Male homepage: Die Hard, Star Wars, Bridget Jones.
Female homepage: Bridget Jones, Twilight, Star Wars.
Both males and females are shown primarily movies they are more likely to be interested in and your bounce rate goes down.
This is Hacker News. Such enlightened thought is frowned on by our new brogrammer overlords. Here's your beer.
If you wanted to deride the fact that many folks here won't spent multiples of effort on special, experimental, no-right-answers-and-likely-to-be-criticized-for-it-if-you-even-try cases that affect minuscule fractions of their potential user base, well...get in line behind the IE5 advocates, I guess.
Someone recommends using a free form entry for gender. No amount of normalization will fix the "ham sandwich" entries (except that we know they are nearly all male), so you'd trade the integrity of a small percentage of your data for the appearance of "making an effort" for the vanishingly small percentage. Net fail.
Just to be clear, my primary feeling here is that -- in the hypothetical case where gender matters -- you're best served by keeping it simple: (female | male | other/it's complicated | prefer not to answer). This should serve all cases equally.
Do you simply add some extra genders? Male-to-female transexual, female-to-male transexual, intersex? No matter how many categories you add, you'll always annoy someone for missing them out. Does 'genderqueer' and 'genderfluid' count as the same category, or different ones?
Maybe just add a free text form for people to input their gender? But then it's impossible to normalise if you want to do any analysis.
Maybe we should just be enlightened and ignore gender altogether? But sometimes knowing your user's gender is really important, and it seems weird to discard this data because some people don't fit. Maybe the best compromise is simply to have 3 categories - male/female/other - though even then you'll get complaints. "Who are you calling 'other'?"
Anyone have any other thoughts?
PS: I seem to see way more people in tech complaining about brogrammers than actual brogrammers.

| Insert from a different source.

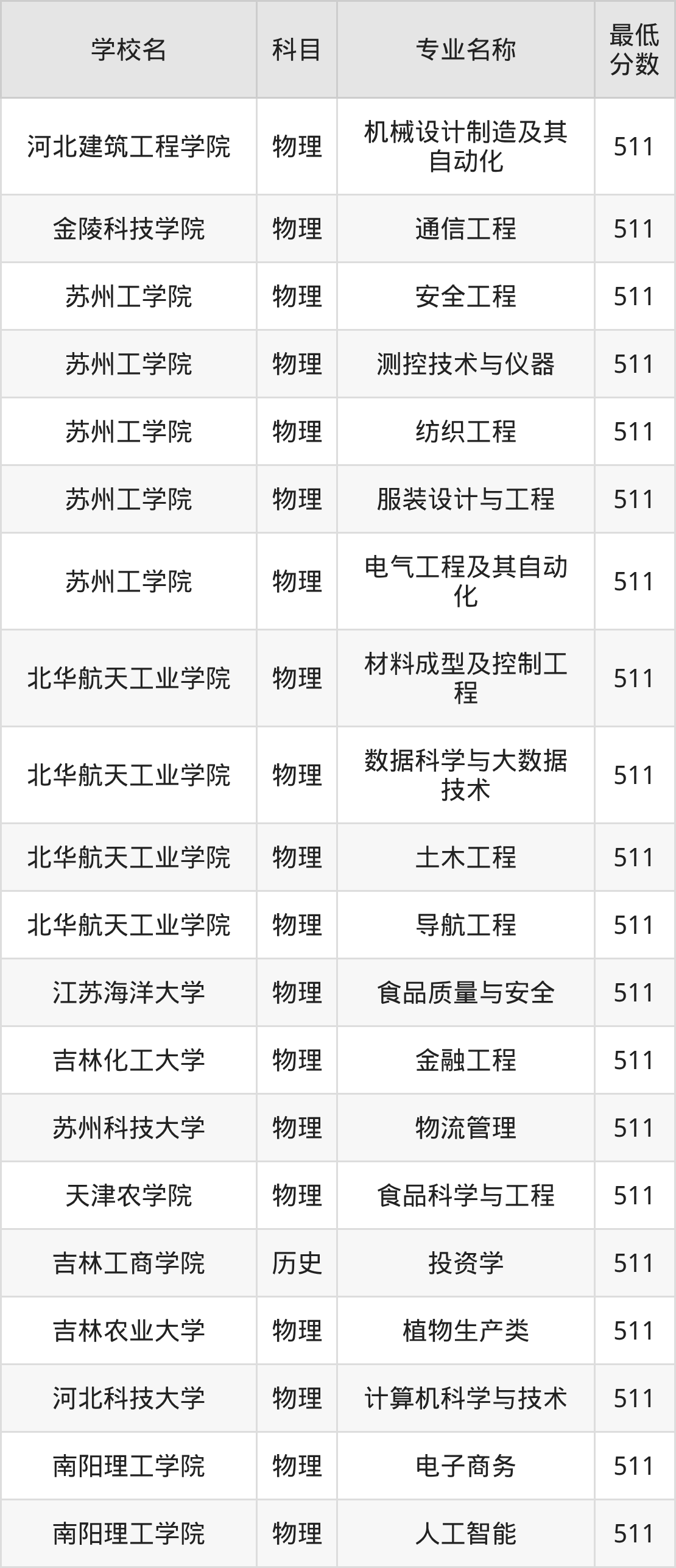 | 河北建筑工程学院 | 机械设计制造及其 自动化 | 物理 | 511 |

A better approach, in the absence of more complex models, would be to use Laplace's sunrise formula.
She isn't the only one either, there are hundreds of them that took their name from a Catholic saint.
http://api.genderize.io/?name=eloi&language_id=ca
http://api.genderize.io/?name=tomeu&language_id=ca
http://api.genderize.io/?name=rigoberta&language_id=es
http://api.genderize.io/?name=presentaci%C3%B3n&language_id=...
Credit for distinguishing between names in languages, though! Joan returns female in English, but male in Catalan.
A lot of complaints, excluding the binary gender complaints, totaly forget about how languages like portuguese / french have male / female differences for nouns and other language constructs.
Let´s say I have to build a phrase where I have the user profession like engineer and I don't know upfront, for portuguese male would be "engenheiro" or " engenheira" for female. It does have a lot of practical uses. And with a big enough training, the decision to use for that user is on your hands.
Another strategy is to use gender-neutral terms until you find out the gender, as asking directly might be considered rude in some cultures.
"Benedikt-SSON is definitely male while Katrín Jakobs-DÓTIR is female"
(Hey, I swear it was before taking a look http://en.wikipedia.org/wiki/Icelandic_name)
Yeah, how about no.
It also seems accurate:
Pat = about 50/50 David = All man Jessica = All woman
Also, wrt to "binary gender identity" complaints, are we all college freshmen here?
* my own name (Nord) sucks and gave a gender of null. Spent my whole life being called Nerd, Nora, etc. I'm not flipping out.
We aren't, which is exactly why it's a problem.
I fail to see how this API needs to accommodate transpeople in its 0.1 release.